● **GIVEN ENTRIES**
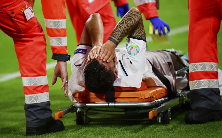 Spinazzola hält sich die hände vors gesicht, wird nach seiner verletzung mit der trage vom platz gebrachtfoto:
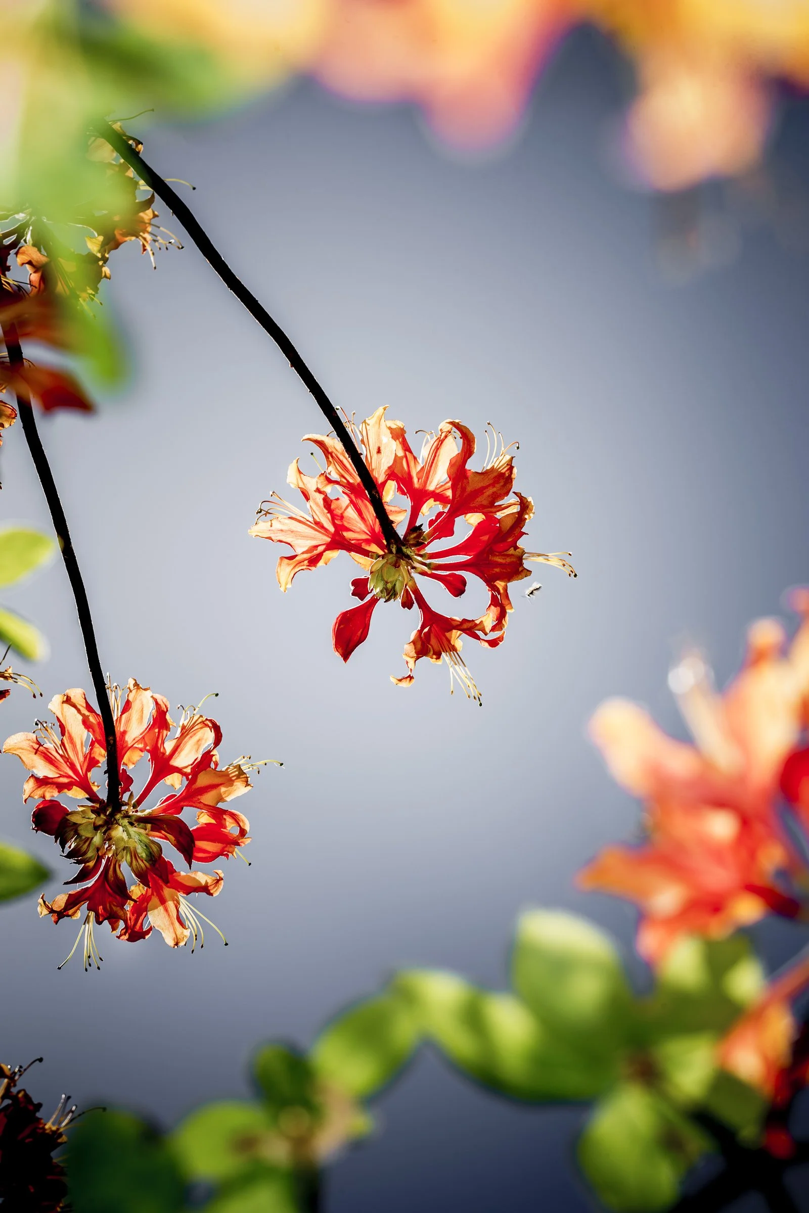 Pink azalea flowers against a clear blue sky. View fullsize
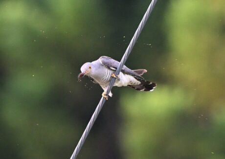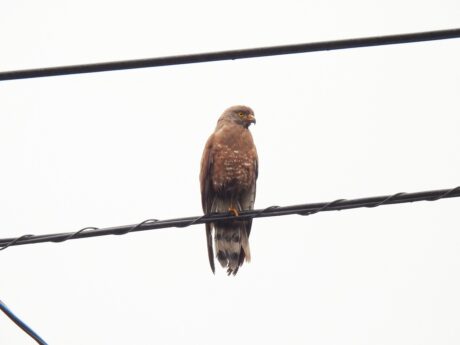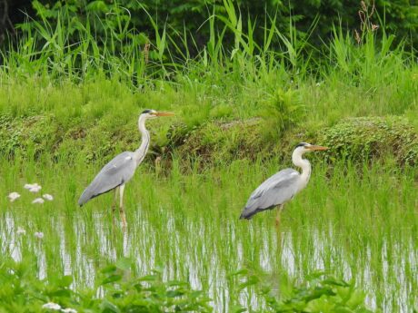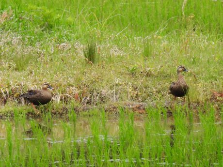 朝から雨になり、集合は学園のピロテイ。群馬県からもご参加いただきました。出発して間もなくプール脇にハクセキレイの番とキセキレイが現れました。ツバメは一回目のヒナが巣立ち、田んぼ周りにハクセキレイがしきりに飛び交っていました。こちらもひながかえっているようでした。キツツキ類もドラミングとケッケッという地鳴きをしていますが、識別はできませんでした。アオゲラは一声ピョーと鳴いてくれました。カッコウ、ホトトギスが鳴き、初夏の様子を醸し出していました。カラ類もヒナが孵り、賑やかな夏の探鳥会でした。
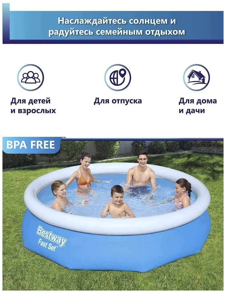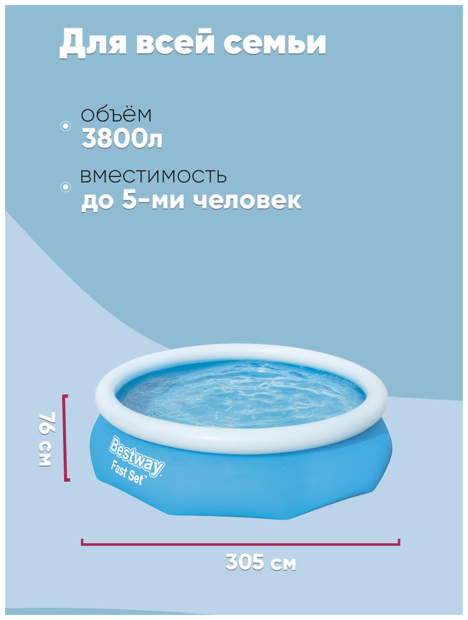 Бассейн Bestway Fast Set 57266, 305х76 см, 305х76 см, 305х305 см интересное:
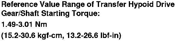 38. Check that the calculated transfer hypoid drive gear/shaft starting torque is within the following reference value range.
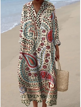 Abito Midi da Donna V Collo Maniche Lunghe Kaftan Leggero Comodo A Line Abito Casual Boho Uscita Grafica Maniche Lunghe V Collo Giallo Rosso Off-white Khaki

● **WORK TASK**
Print every line above exactly as given, but not the pictures.

● **TASK OUTPUT**
 Spinazzola hält sich die hände vors gesicht, wird nach seiner verletzung mit der trage vom platz gebrachtfoto:
 Pink azalea flowers against a clear blue sky. View fullsize
 朝から雨になり、集合は学園のピロテイ。群馬県からもご参加いただきました。出発して間もなくプール脇にハクセキレイの番とキセキレイが現れました。ツバメは一回目のヒナが巣立ち、田んぼ周りにハクセキレイがしきりに飛び交っていました。こちらもひながかえっているようでした。キツツキ類もドラミングとケッケッという地鳴きをしていますが、識別はできませんでした。アオゲラは一声ピョーと鳴いてくれました。カッコウ、ホトトギスが鳴き、初夏の様子を醸し出していました。カラ類もヒナが孵り、賑やかな夏の探鳥会でした。
 Бассейн Bestway Fast Set 57266, 305х76 см, 305х76 см, 305х305 см интересное:
 38. Check that the calculated transfer hypoid drive gear/shaft starting torque is within the following reference value range.
 Abito Midi da Donna V Collo Maniche Lunghe Kaftan Leggero Comodo A Line Abito Casual Boho Uscita Grafica Maniche Lunghe V Collo Giallo Rosso Off-white Khaki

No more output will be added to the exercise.